Ари Бен Канаан бросил сигарету в воду, повернулся и быстро направился к месту атаки. Шофер поехал следом.

Атака должна была начаться с Хамман эль‑Баши, старинной турецкой бани. Построенная еще Эль‑Джацаром, она вплотную подходила к южной стене тюрьмы. За баней был внутренний дворик с солярием. Узкая лестница вела отсюда на крышу, прямо под тюремную стену. Маккавеи выяснили, что из тюрьмы просматриваются все подступы к ней, кроме этого. Здесь, у южной стены, и решили нанести удар.

Час дня. Время начала операции.

Под палящим солнцем Акко погрузился в дремоту. Бен Моше, Бен Канаан и Бен Ами подали сигнал к атаке. Нападение на тюрьму началось.

Ари Бен Канаан возглавил ударный отряд из пятидесяти человек. Они ворвались в баню, а оттуда – во внутренний дворик.
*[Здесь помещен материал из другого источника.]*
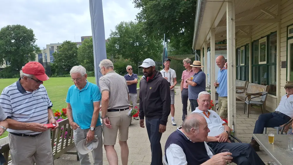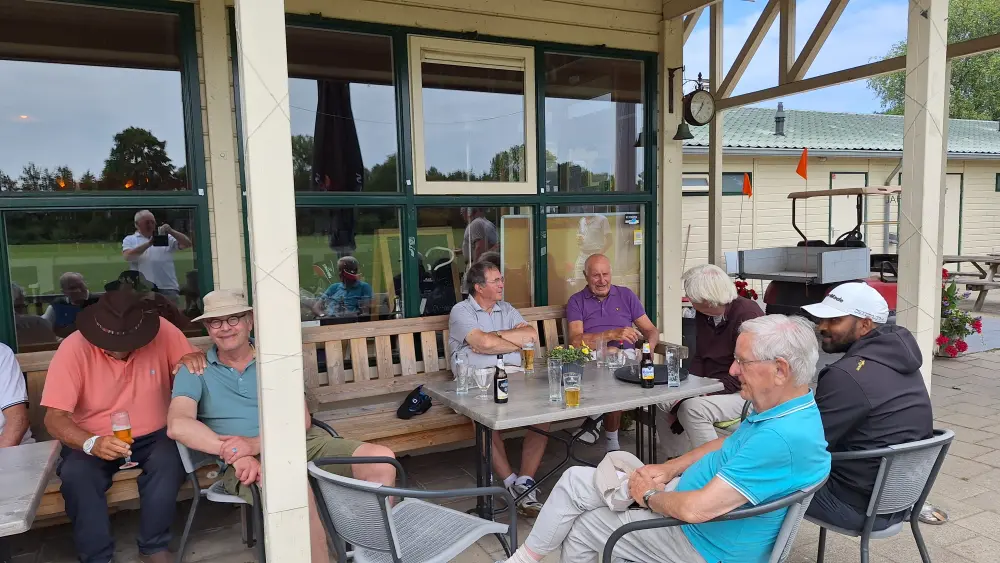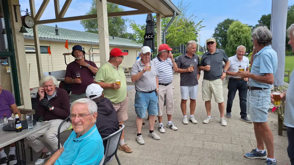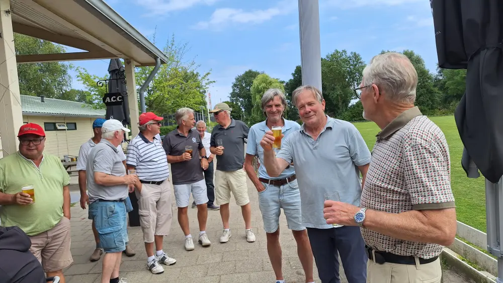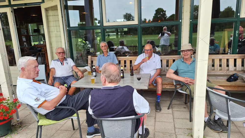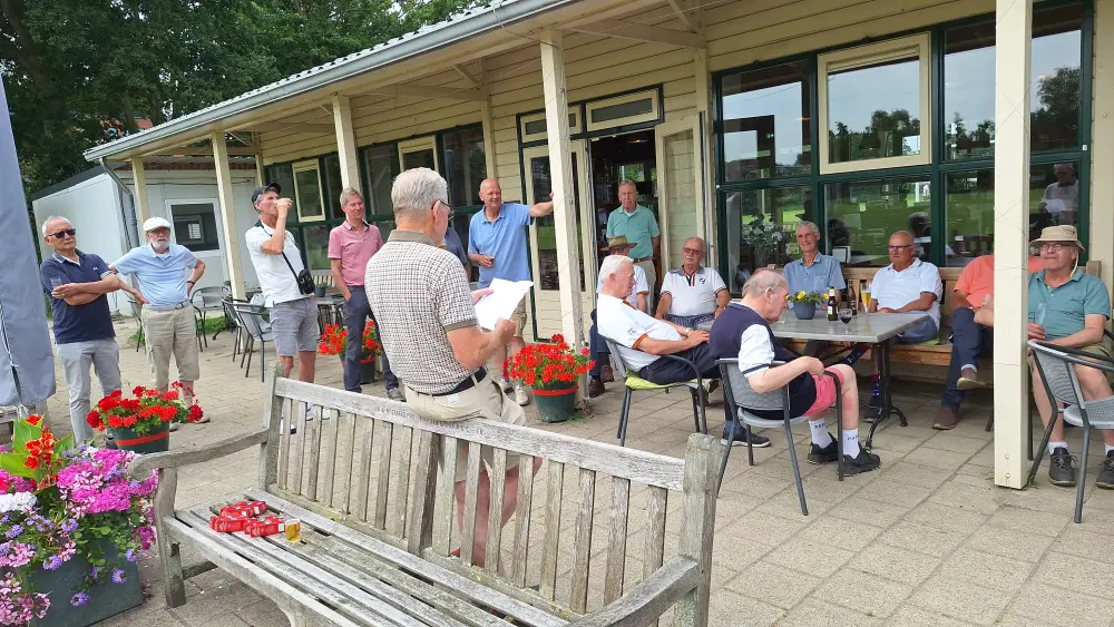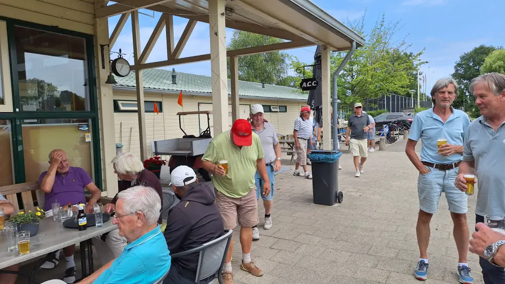Op naar de baan om de 35 spelers aan het werk te zetten, na de indeling ging men aan de slag om na 3 gelopen holes terug te komen en aan te vallen op de haring en korenwijn.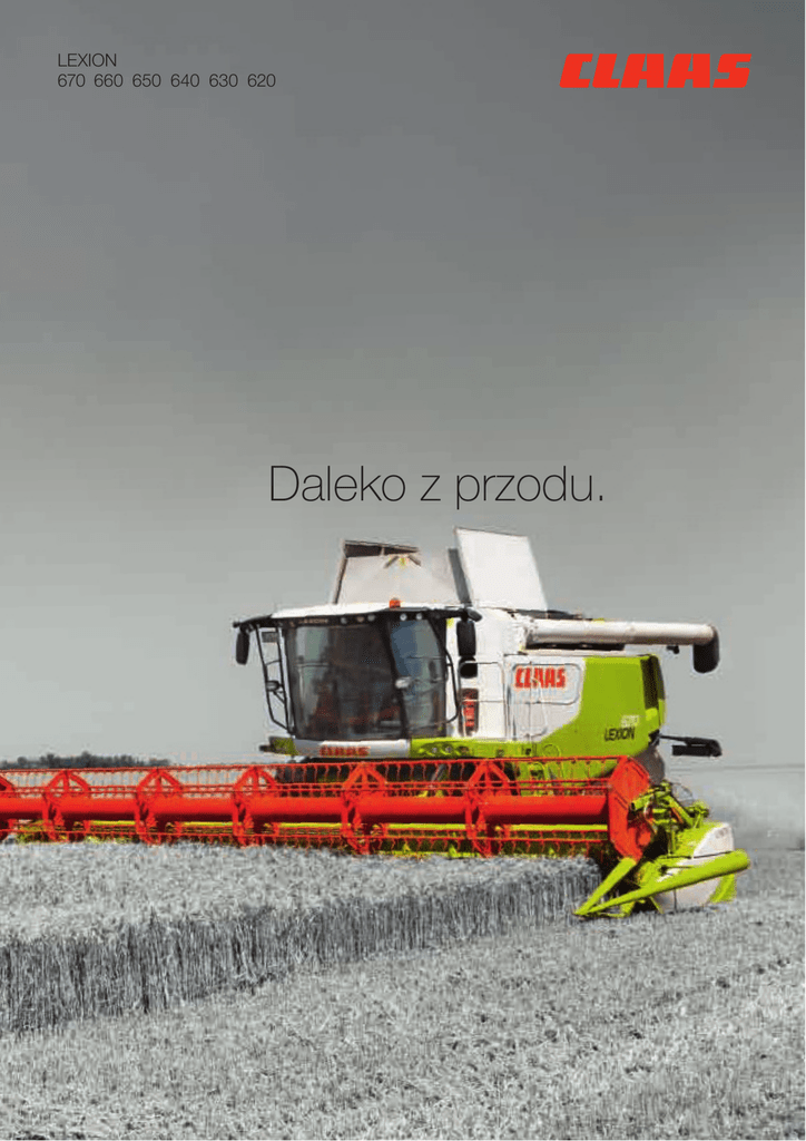 LEXION 670 660 650 640 630 620 Daleko z przodu. Wymagania rosną. Jest tylko jedna siła, która mogła stworzyć z LEXION sukces trwający od wielu lat aż do dzisiaj: nasi klienci. Właśnie dlatego ich opinia jest najlepszą oceną rzeczy. Dokładnie wysłuchaliśmy, zrozumieliśmy, zbudowaliśmy, dostosowaliśmy. Sprawdziliśmy każdy szczegół. Poprawiliśmy to, co należało, zintegrowaliśmy najnowsze technologie, dostroiliśmy wszystko od nowa nadając całości świeżą formę. Wynik: to nowy LEXION. Są funkcje, usługi, możliwości, których nie bez racji oczekują Państwo od najwyższej jakości CLAAS. Są także głęboko przemyślane rozwiązania, które na całym świecie znajdują się tylko w CLAAS. Przykładem jest system omłotu APS połączony z efektywną technologią wytrząsaczy. Postęp w wydajności oferowany przez takie rozwiązania wspierają liczne, wyjątkowe nowości, jak na przykład superkomfortowa kabina, CEBIS o poprawionej obsłudze oraz GPS PILOT pomagający pracować jeszcze dokładniej. LEXION ponownie udowadnia swoją przekonującą funkcjonalność, wybiegającą daleko do przodu i spełniającą wymagania przyszłości. Na polu. Na drodze, na rynku i wśród konkurencji. Nowy LEXION. Daleko z przodu. Nowy LEXION. Spis treści: Komfortowa kabina Kabina, oświetlenie EASY – Efficient Agriculture Systems by CLAAS Ekran CEBIS, puplit obsługowy Wielofunkcyjny uchwyt CEBIS CLAAS TELEMATICS Zarządzanie zleceniami, mapy wydajności, CRUISE PILOT Systemy automatycznego kierowania 6 8 10 12 14 16 18 20 Przyrządy robocze Kanał wciągający Komfort w przyrządzie żniwnym Przyrząd żniwny VARIO, rzepak Przyrządy do ryżu, soi i składany przyrząd żniwny CONSPEED, CONSPEED LINEAR, SUNSPEED RAKE UP, SWATHMASTER MAXFLO Automatyka przyrządu żniwnego 22 24 26 28 Technologia omłotu System omłotu APS Technologia wytrząsaczy, MULTIFINGER SEPARATOR SYSTEM (MSS) Czyszczenie Zbiornik ziarna, ochrona ziarna, QUANTIMETER Zarządzanie słomą 40 42 CLAAS POWER SYSTEMS Silnik, chłodzenie 52 54 MONTANA Ochrona gleby, TERRA TRAC Napęd jezdny, Ultra Flex, technologia opon Ogumienie, przeglądy FIRST CLAAS SERVICE®, MAXI CARE® Nowy LEXION w skrócie Argumenty Dane techniczne 56 58 30 32 34 36 38 44 46 48 50 60 62 64 66 68 70 Nowa kabina. Wymagania rosną. „Moi kierowcy zawsze pracują przez długie dni. Kabina musi być być bardzo komfortowa.“ Komfortowa kabina Optymalne warunki pracy. Nowy LEXION oferuje kierowcy jeszcze więcej miejsca, niż poprzedni model, dużą swobodę ruchów, przejrzystość i znakomitą widoczność. Zawsze przyjemny klimat, niski poziom hałasu, trójstopniowo przestawiana kolumna kierownicy tworzą doskonałe warunki do pracy. Amortyzuje, podpiera, przewietrza, ogrzewa: fotel klasy Premium. Ten, kto musi w fotelu udowadniać dynamikę i aktywność, otrzyma tu pełne wsparcie. Aktywna kontrola klimatu troszczy się o optymalne przewietrzanie oraz odprowadzanie potu bez narażania kierowcy na szkodliwe przeciągi, Pneumatyczna amortyzacja z automatyczną kontrolą wysokości samoczynnie dostosowuje się do masy ciała kierowcy skutecznie tłumiąc do 40% drgań. Dwustopniowe, pneumatyczne podparcie kręgosłupa dba o zdrowe plecy. Ogrzewanie siedziska pracuje z automatycznym termostatem. Pełnowartościowy: fotel pasażera z chłodzonym schowkiem. š Zintegrowane w drzwiach oparcie ramienia š Składane oparcie zmieniane w "stolik śniadaniowy" š Duży, chłodzony schowek o pojemności 43 l z uchwytem na butelki š Wiele innych schowków Najwyższy komfort to również lodówka i fotel pasażera. 8 Więcej miejsca, wyższy komfort, większa wydajność kierowcy. Kiedy Państwo zechcą, jasno jak w dzień. Koncepcja oświetlenia także w ciemnościach gwarantuje doskonałą widoczność pola pracy oraz komponentów maszyny. Cały pakiet uzupełnia inteligentne wyposażenie np. w funkcję doświetlania. Żarówki H9 i reflektory ksenonowe zamieniają noc w dzień. š š š š š š š š Do dziesięciu reflektorów roboczych Oświetlenie składanych przyrządów roboczych Oświetlenie boczne, ścierniska, osi kierującej Automatyczne oświetlenie rury rozładowczej Automatyczne reflektory jazdy do tyłu Oświetlenie układu czyszczenia, zbiornika ziarna, zgonin Światła serwisowe pod pokrywami bocznymi Przenośne reflektory robocze Przejrzyste i łatwe sterowanie oświetleniem roboczym wykonywane jest w polu obsługowym. Konfigurację lamp można łatwo wykonać w CEBIS. Kolumna kierownicy jest przestawiana trójstopniowo. Kabina Oświetlenie 9 EASY. Po prostu wydobyć więcej. Nazwa jest programem. Go on. Go easy. Swoją kompetencję w dziedzinie elektoniki CLAAS określił mianem: EASY. EASY dzieli się na cztery zakresy. Każdy jest oddzielnym specjalistą a razem tworzą silny zespół. Efficient Agriculture Systems daje to, co obiecuje: Ustawienia maszyny, systemy kierowania i rozwiązania programowych są w EASY bardzo proste. Wszystkie systemy można perfekcyjnie wzajemnie dopasować i wydobyć ze swoich maszyn oraz gospodarstwa to, co w nich najlepsze. š on board - sterowanie maszyny i optymalizacja wydajności wykonywane z kabiny š on field - wzrost produktywności bezpośrednio na polu š on track - nadzór maszyny i zdalna diagnoza š on farm - rozwiązania programowe dla gospodarstwa „Jedną maszyną jeździ trzech kierówców o różnych kwalifikacjach. Ale każdy z nich musi umieć wydobyć z maszyny optimum jej możliwości.“ EASY Efficient Agriculture Systems by CLAAS Wszystko pod kontrolą. Nowy CEBIS. Kierowca ma tu wszystko jak na obrazku. CEBIS na drodze. Informacja, rejestracja, sterowanie i nadzór to zadania elektronicznego systemu informacji pokładowej CEBIS. Wyróżnia się on jasnym, logicznym podziałem struktury menu. 1 2 3 4 Wystarczy jedno spojrzenie a CEBIS pokaże aktualne przebiegi czynności i stany maszyny: Obraz jazdy wzgl. obraz żniw przejrzyście zbierają wszystkie istotne inf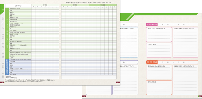 診察日や投与などの治療スケジュールや、患者さんがご自身で体調を把握し、治療チームに知らせるメモとしてお役立ていただくための「キイトルーダ®と化学療法の併用療法の治療日誌」をご用意しています。

У них был динамит и все, что нужно для взрыва.

Арабы, сидевшие в парном отделении, на мгновение застыли на своих местах, а потом началась паника, и баня стала похожа на преисподнюю. Бойцы загнали голых, дико орущих посетителей в парное отделение, чтобы они не могли выскочить и поднять тревогу.

В ту же минуту Бен Моше, оставшийся снаружи, получил сигнал, что Ари пробрался во внутренний двор.

Ребята Ари вскарабкались по лестнице на крышу бани, подбежали к тюремной стене и быстро заминировали ее. Потом они в мгновение ока спустились во дворик и бросились на землю.

Четверть второго.

Оглушительный взрыв потряс Акко. В воздух взлетели обломки скал. Прошло не менее двух минут, прежде чем пыль рассеялась и стало видно отверстие, зияющее в стене.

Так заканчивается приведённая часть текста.